Gong Shou Dao (功守道), also known as On That Night... While We Dream is a 2017 Chinese kung fu short film directed by Wen Zhang and produced by Jet Li. The film stars Jack Ma, Jet Li, Donnie Yen, Wu Jing, Tony Jaa, Jacky Heung, Asashōryū Akinori, Zou Shiming, and Natasha Liu Bordizzo. The film was released on November 11, 2017, during the Double 11 Shopping Carnival.

==Plot==
One day, Master Ma is walking down the street, when suddenly he sees the words "Huashan Sect" (华山派) on a sign.

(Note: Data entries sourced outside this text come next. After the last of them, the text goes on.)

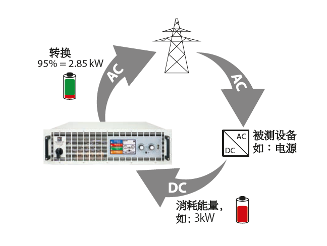 本負載最主要的特點是,當與電網連接時,其AC輸入端,也可用作帶載操作期間所供直流電量返回時的輸出端,且轉換效率高達95%。這種能量轉換方式有助于降低用電成本,且避免使用昂貴的制冷系統,因為普通電子負載使用過程中會將直流輸入電量轉化成熱量,從而需要制冷系統進行冷卻。原理示意圖如下: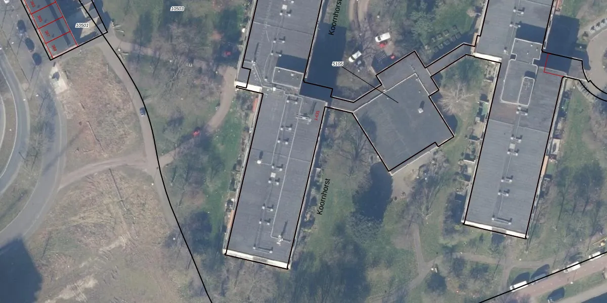Het perceel waarop Koornhorst 12 staat heeft een oppervlakte van 5615 m². Dit is een zeer groot perceel. De perceeloppervlakte wordt geregistreerd door het Kadaster. Gedetailleerde informatie over de maten van dit perceel kunt u vinden in het rapport Kadastrale kaart met maatvoering van Koornhorst 12.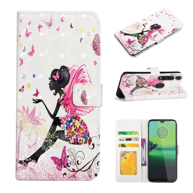 For Motorola Moto G8 Play Oil Embossed 3D Drawing Leather Phone Case(Flower Fairy)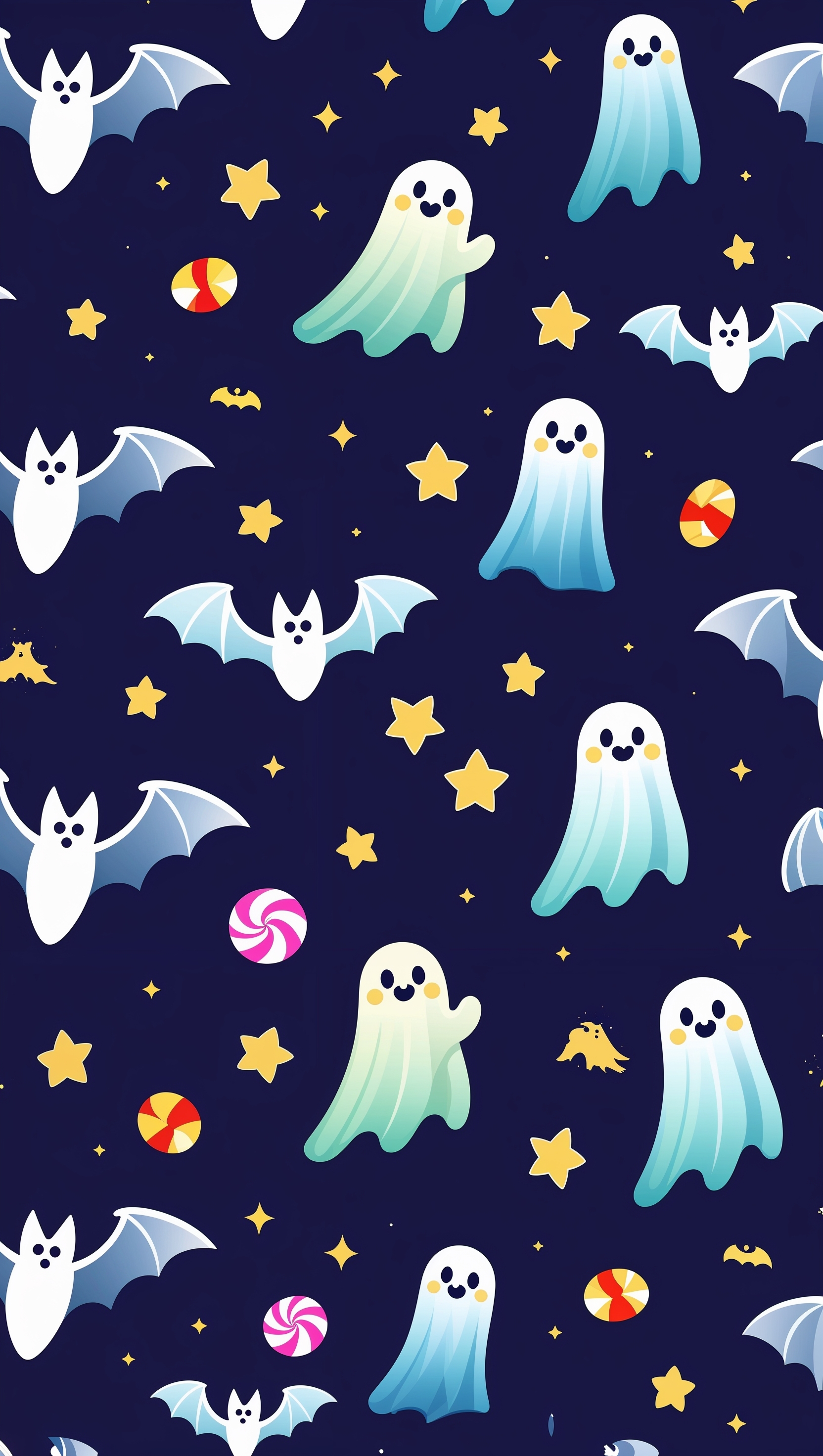 1664x2944 Flat vector Halloween wallpaper with bats, stars, ghosts, and candy icons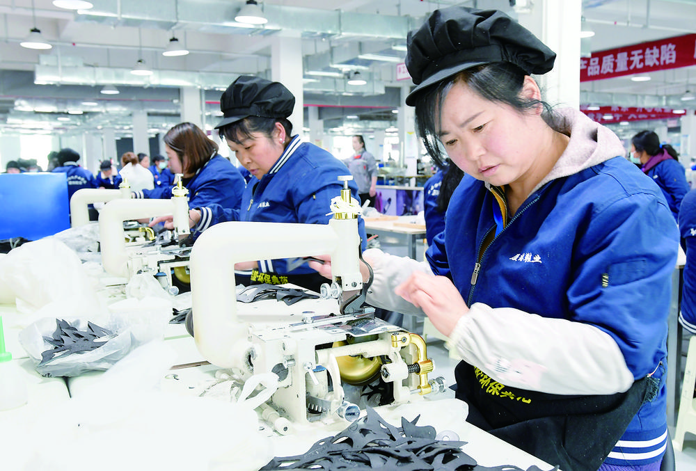 临夏厦琳鞋业有限公司工人正在制鞋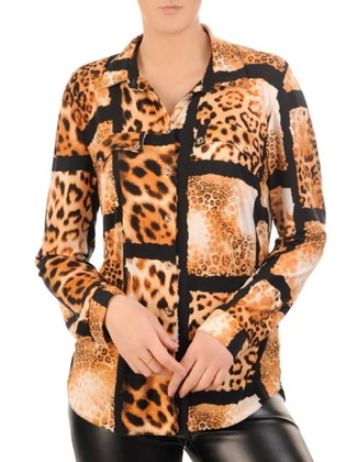 Beżowa koszula z długim rękawem i kołnierzykiem 34732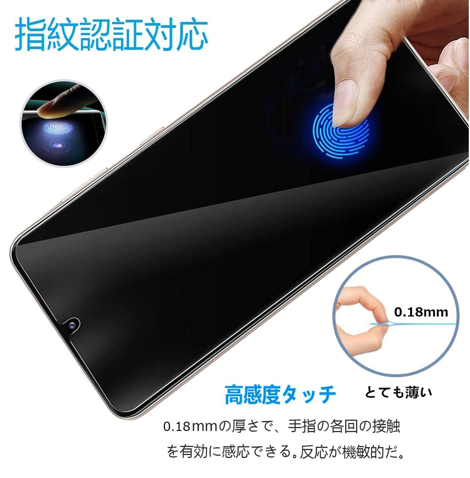 【超薄型·高感度タッチ·指紋認証対応】 Galaxy S21 5G に特製ガラス保護フィルムとカメラフィルムです。高耐久性防汚のフィルムに特殊コーティングにより指紋や汚れが付きにくくなっています。超薄型保護フィルムは鮮明な99%の高透過率、自然な見た目です。Galaxy S21ガラス縁をラウンド加工することにより滑らかな手触りを実現。3Dラウンドエッジ加工により、横からの衝撃を受け難くします。厚さ0.18mm、何も貼っていないような感じ、手触り感が優れており画面の美しさをお楽しみいただけます。擦り傷防止の透明なカバーで本体の美しさを妨げません、本体とピッタリ密着して違和感がない一体感がすごく格好いいです。液晶保護ガラスフィルムは高品質な専用接着剤を採用し,0.01 mmの超音波フィルムを採用しており、装着後に指紋を再入力することで、完璧な指紋ロックを実現します。取り付け後の指紋の位置に気泡がないように注意してください。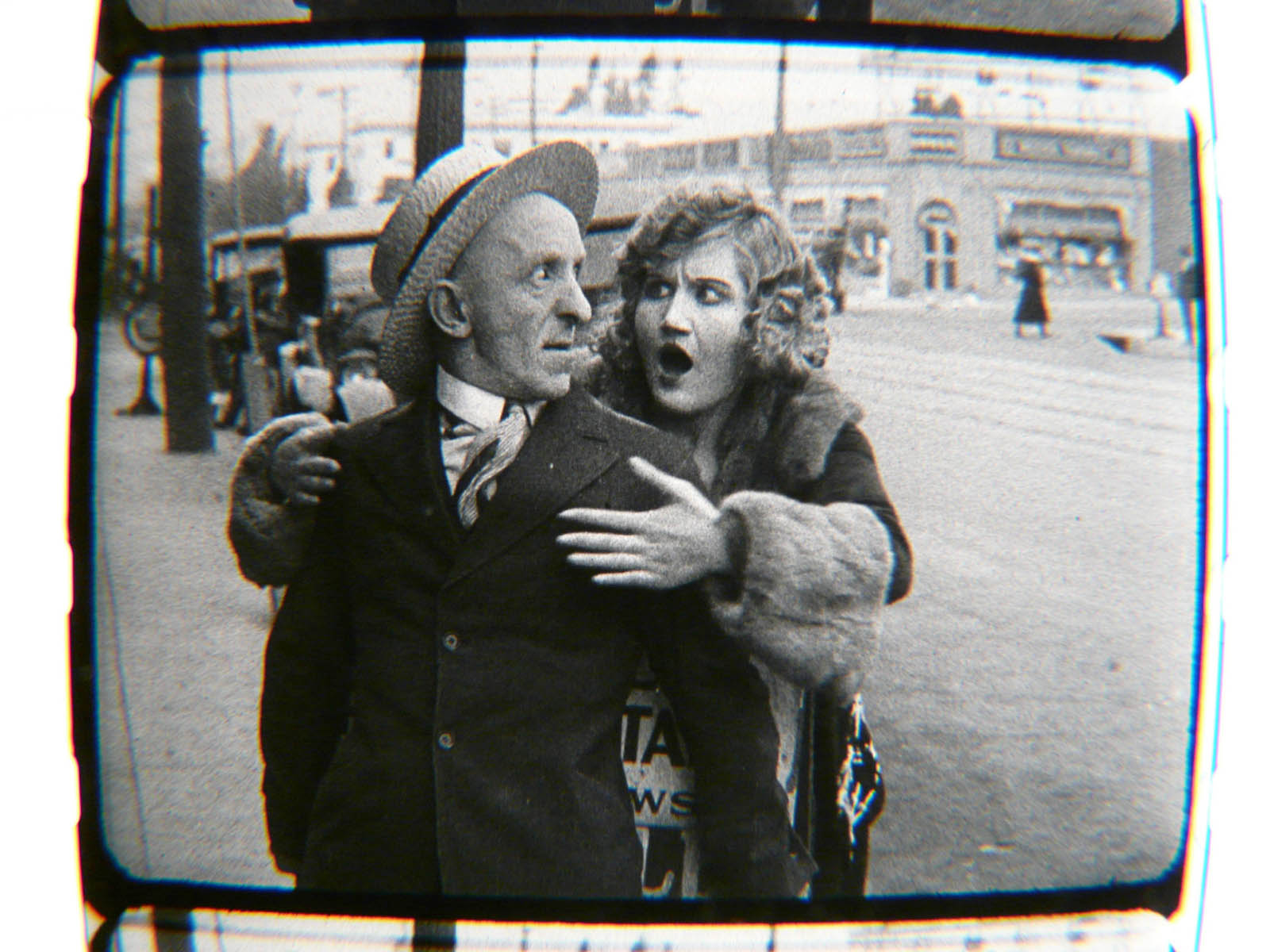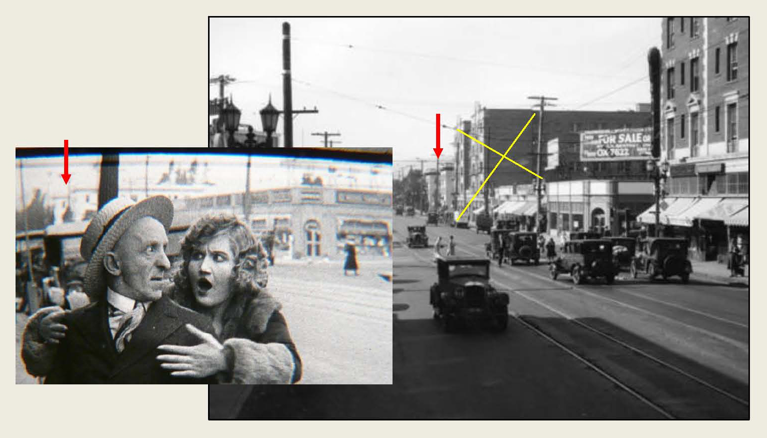 Returning to Convict 13, Buster runs south down Lillian Way by the studio office, with the shadow of Leo White’s telephone pole (blue), a car driving north up Vine (red box), and the homes at 6200 and 6206 Eleanor (yellow box) at back.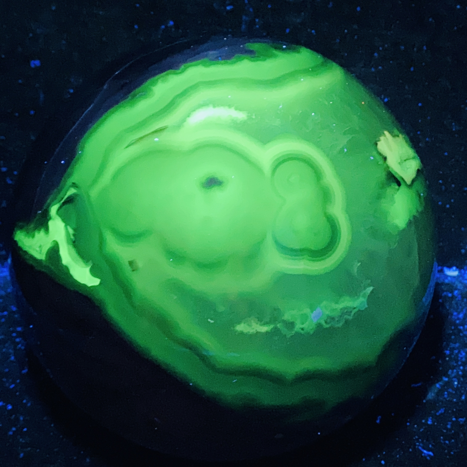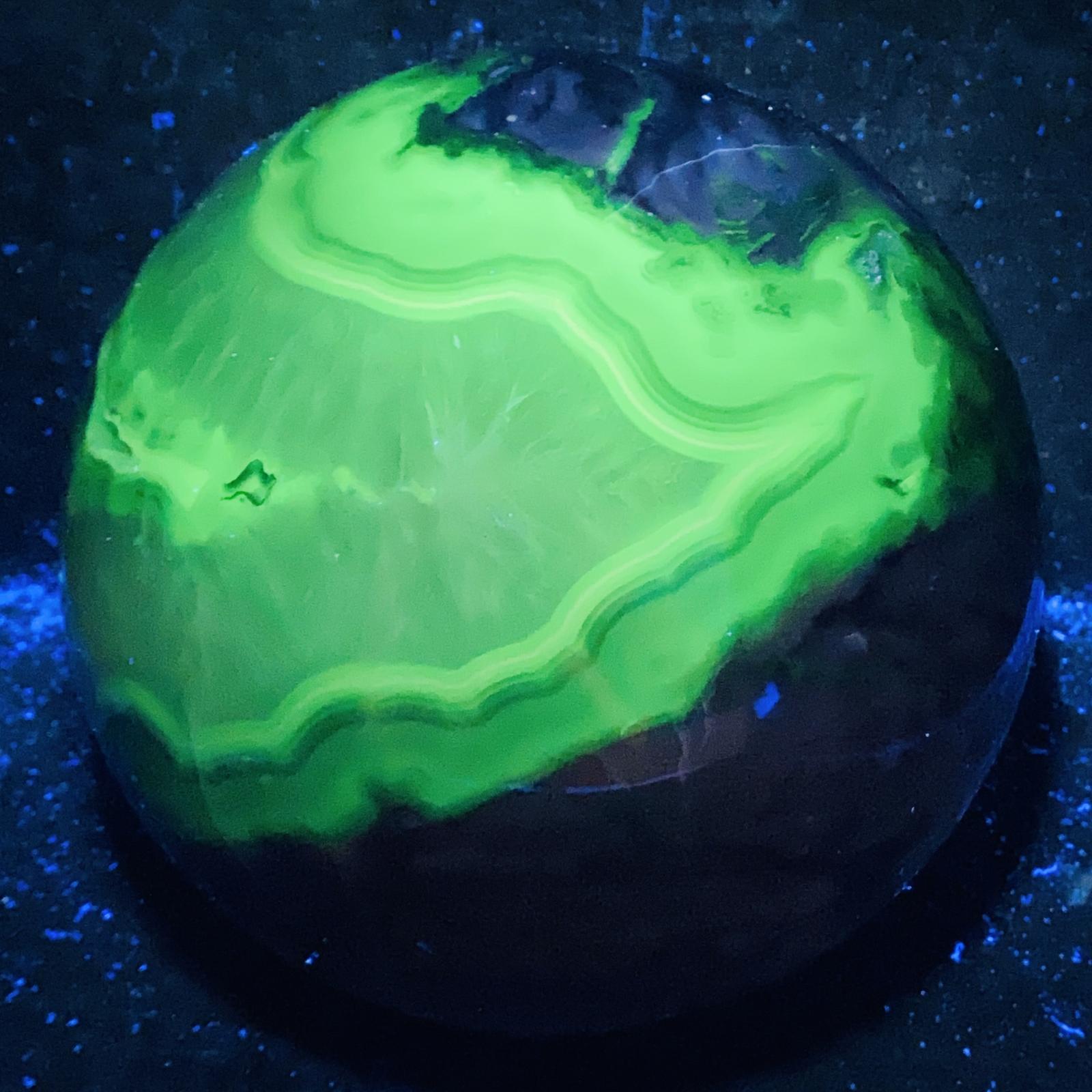 Natural Volcanic Agate Crystal Sphere 3140G UV Reactive Healing Stone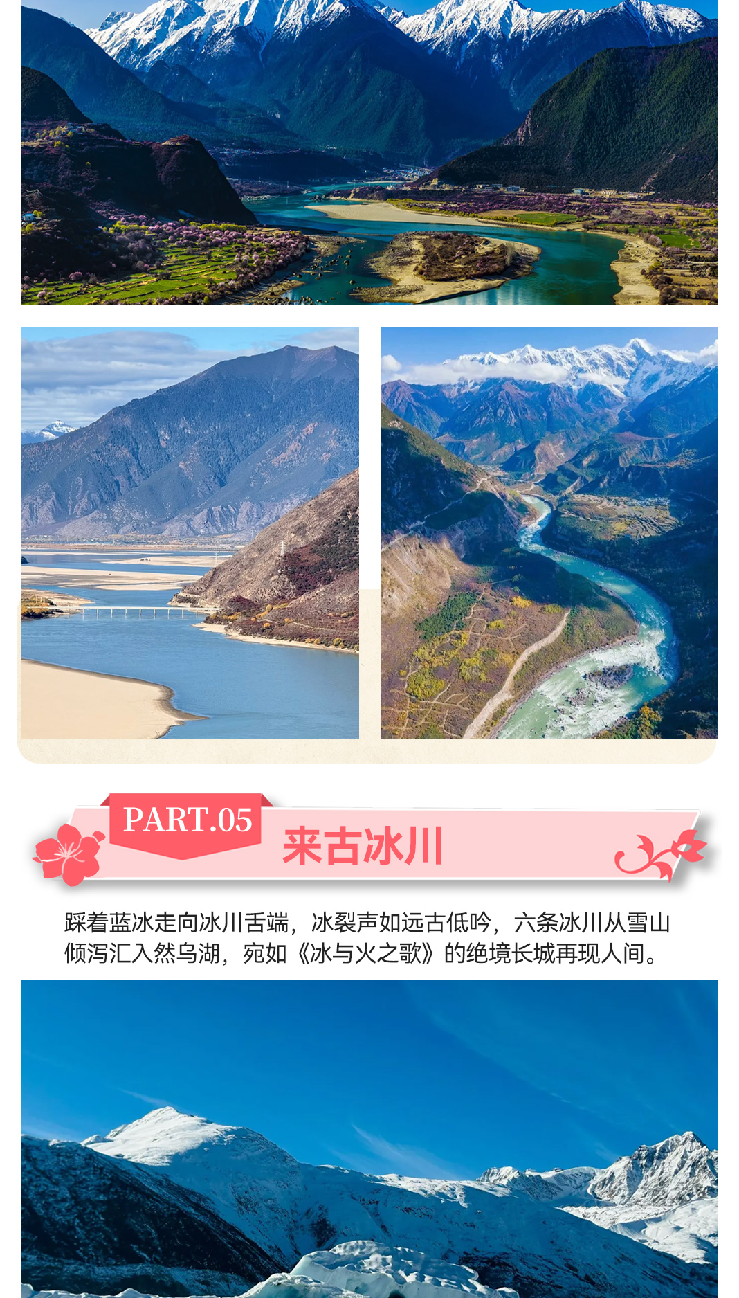 早餐后前往雅鲁藏布江大峡谷景区,沿途会经过【尼洋河】和雅鲁藏布江的【江河汇流】、佛掌沙丘。【索松村】背靠神山南迦巴瓦峰,面朝【雅鲁藏布江】,严格来说索松村才是拍摄南迦巴瓦的最佳地点,云雾缭绕的雪山和山脚辽阔的农田牧场,最震撼的是两座海拔7000米以上的加拉白垒峰和南迦巴瓦峰的隔江对峙。游览完返回林芝入住。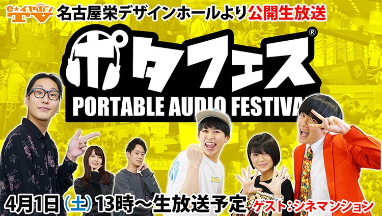 ポタフェス会場から公開YouTubeライブ配信「出張版e☆イヤホンTV」を実施。ゲストにはYouTuber「シネマンション」を迎え、映画鑑賞にオススメのイヤホン・ヘッドホンを特集する。対象のブースで製品を試聴してスタンプを4個集めると、豪華賞品が当たるスタンプラリーも開催される。

He closes his eyes and imagines himself duelling different martial arts masters.

==Cast==

- Jack Ma as Master Ma
- Jet Li as Old Servant
- Donnie Yen as Master Yen
- Wu Jing as Master Jing
- Tony Jaa as Master Jaa
- Jacky Heung as Master Zuo
- Asashōryū Akinori as Master Long
- Zou Shiming as Master Zou
- Natasha Liu Bordizzo as Master Yu
- Tong Dawei as Policeman Tong
- Mark Huang as Policeman Ming
- Li Chen as Policeman Chen
- Shao Xiaofeng as Police Inspector

Jason Statham, Manny Pacquiao and Gennady Golovkin appear as themselves in separately filmed video messages for Ma in the end credits.

==Production==
Wen Zhang was hired as the director. Yuen Woo-ping, Sammo Hung and Tony Ching were hired as choreographers. The film is Chinese e-commerce tycoon Jack Ma's debut.

==Music==
The theme song Feng Qing Yang (《风清扬》) is sung by singer Faye Wong and Jack Ma. The song's title Feng Qing Yang is the name of a top martial artist in another one of Louis Cha's wuxia novels, The Smiling, Proud Wanderer.

==Release==
On October 28, 2017, Jack Ma released a poster in his Sina Weibo. The movie was released in China on November 11, 2017, and was watched 170 million times online in a couple months, according to Alibaba.